Concernant la réserve civile, le SNEPAP-FSU a tenté de faire préciser qu’ « en aucun cas les réservistes
ne peuvent exercer les missions des personnels qui occupent des emplois statutaires ». Par son refus de
faire droit à cette demande de rajout, l’administration fait bien la preuve que ce dispositif a pour objet de
pallier dans certains domaines des recrutements défaillants !

APPLICATION DES PEINES

Concernant la procédure simplifiée d’aménagement de peine (anciennement NPAP), le SNEPAP-FSU
a lourdement insisté pour alléger au maximum toute la procédure dans laquelle le SPIP est maître
d’oeuvre, et pour donner aux services les moyens adéquats. Ces conditions sont essentielles pour que
l’usine à gaz qu’a été la NPAP ne se répète pas : cette procédure s’est en effet révélée bien trop lourde
pour un résultat souvent insignifiant. La DAP en a convenu, ainsi que de la nécessité de passer de
nouvelles conventions nationales relatives au partenariat. Sur cette nouvelle procédure, le travail à venir
sur les circulaires sera donc pour le SNEPAP-FSU un moment crucial.

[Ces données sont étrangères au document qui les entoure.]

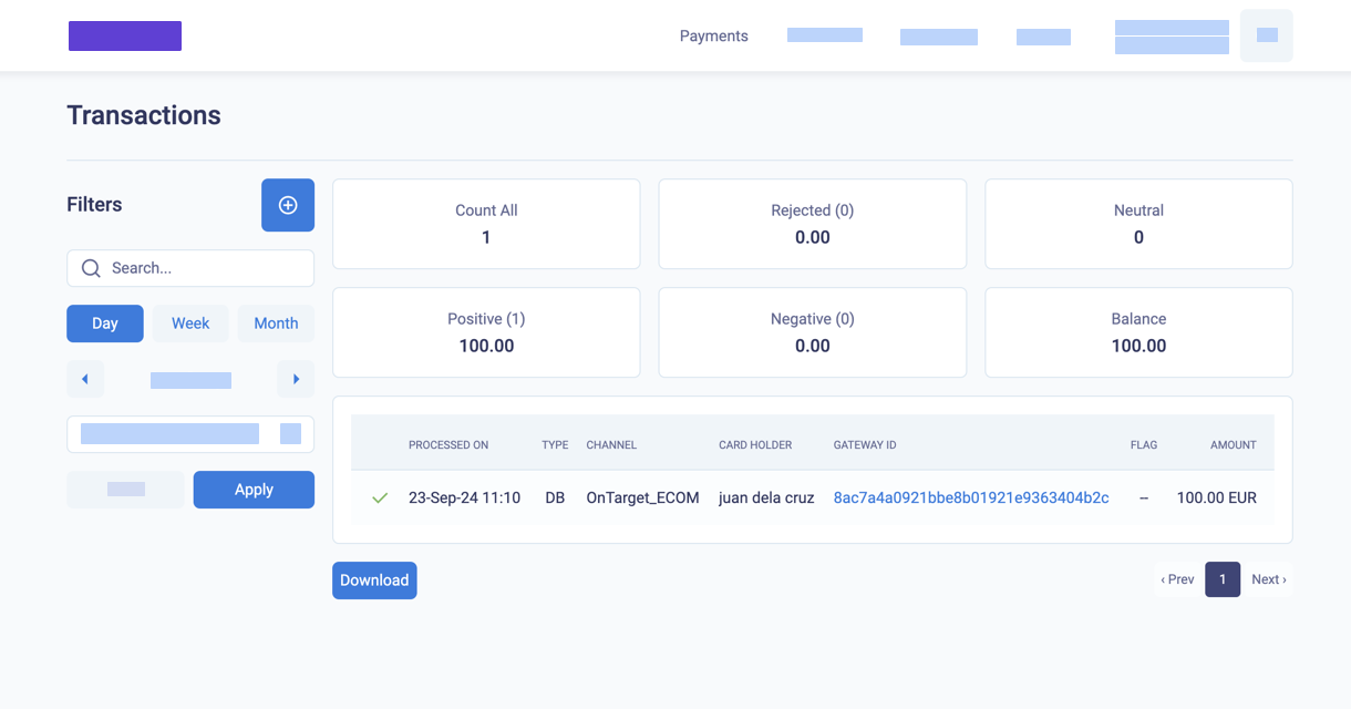 In the navigation menu, go to Payments. The Transactions list displays. If necessary, filter the list to find your transaction. See Payments
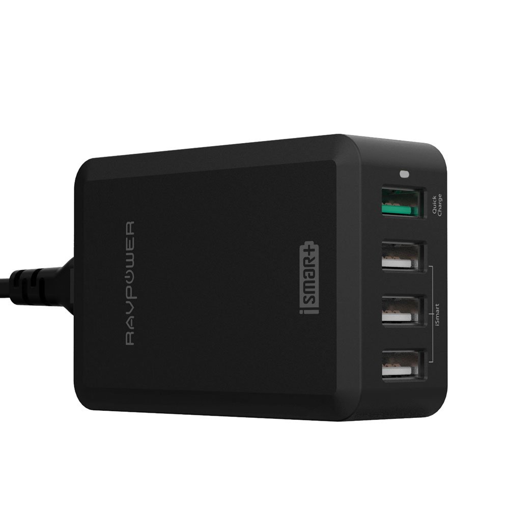 Color: Black The RAVPower RP-UC016 is a seriously small four-port USB desktop charger forconvenient charging while you work. Featuring three 2.4A charging ports and anextra port with QC 2.0, you can charge four devices including four tablets allat the same time. Introducing Fast Charging It’s not just enough in this day and age to have standard charging technology.This desktop charger features Qualcomm Quick Charge 2.0 technology thatgreatly reduces recharge time by charging compatible smartphones and tablets75% quicker. Of course even without a QC compatible device the port stillworks as a regular 2.4A charger. Small Size, Big Convenience No bigger than a deck of cards, the four port charger is ideal for desks and office spaces or at home in a living room so the entire family can charge. The base is covered with a non-slipping covering to add extra grip so the charger cannot be knocked off along with your phones! Compatibility King As a USB charger, it not only can charge smartphones and tablets but also arange of popular 5V USB powered devices such as speakers, Go-Pro cameras,lamps, fans, and more. Quick Charge 2.0 Compatible Models: Samsung Galaxy S7 / S6 / Edge / Plus, Note 5 / Note 4 / Edge LG G5 / G4, LG G Flex2, LG V10 Google Nexus 6 Xperia Z3/Z3 Compact/Z3 Tablet Compact/Z4 Tablet Motorola Droid Turbo, Moto X 2014 HTC One M9 / M8, HTC Desire Eye, HTC One remix Asus Transformer T100, Asus Zenfone 2 Yota Phone 2 Note:Qualcomm Quick Charge Technology is not supported by iPhone and iPad.However, they can still be charged at their full speed with the RAVPower QC2.0 Charger. What’s In the Box: 1 x 4-port QC2.0 USB charger (Model: RP-UC016) 1 x Outlet Cable 1 x User Manual 1 x Warranty Card

Mais la disposition à nos yeux la plus contestable concerne la procédure prévue pour la mise en place du
PSE systématique fin de peine
. Si le projet de décret n’est pas encore finalisé par la DACG, le « schéma
directeur » a été présenté lors de ce CTP-SE. Selon ce « schéma », « le DSPIP ne transmet [au Parquet]
que les dossiers pour lesquels il considère que la mesure doit se mettre en place ». Pour le SNEPAPFSU,
la loi pose bien un principe inverse, puisque la fin de peine s’exécute automatiquement sous la
modalité du PSE, sauf exceptions listées limitativement. Le DSPIP ne devrait donc transmettre au Parquet
que les dossiers pour lesquels il considère que la personne relève des exceptions et ne doit donc pas
exécuter sa peine sous la modalité du PSE. Dans le cas contraire, cette procédure risque de se rapprocher
davantage de la « procédure simplifiée d’aménagement de peine » mise en oeuvre sur proposition du
SPIP. Or l’aspect novateur de cette disposition légale est d’introduire pour la première fois dans notre
droit une nouvelle modalité d’exécution des fins de peine, différente dans sa logique de l’aménagement
des peines. Pour le SNEPAP-FSU, en plus d’être contraire à la lettre et surtout à l’esprit de la loi, ce
système risque d’alourdir considérablement le travail des SPIP déjà amplement mis à contribution par les
dispositions de cette loi !

Enfin, alors que cette partie n’avait pas été présentée aux organisations syndicales en réunion de travail,
un certain nombre d’articles du projet de décret modifient les dispositions relatives aux permissions de
sortir
. Si l’ensemble de ces dispositions est plutôt positif puisqu’il s’agit d’étendre le régime CD à
l’ensemble des condamnés, une nouvelle disposition extrêmement contestable est introduite. En effet,
selon l’article R. 57-5-9, « lorsque la dangerosité particulière de la personne condamnée le justifie, le
juge de l’application des peine peut, par ordonnance motivée, n’accorder de permission de sortir
qu’après exécution de la moitié de la peine » ! Cette disposition qui n’est pas prévue par la loi, en plus
d’être inacceptable, est totalement inutile : en effet, le juge de l’application des peine reste fondé à refuser
une permission de sortir quelque soit le reliquat de peine !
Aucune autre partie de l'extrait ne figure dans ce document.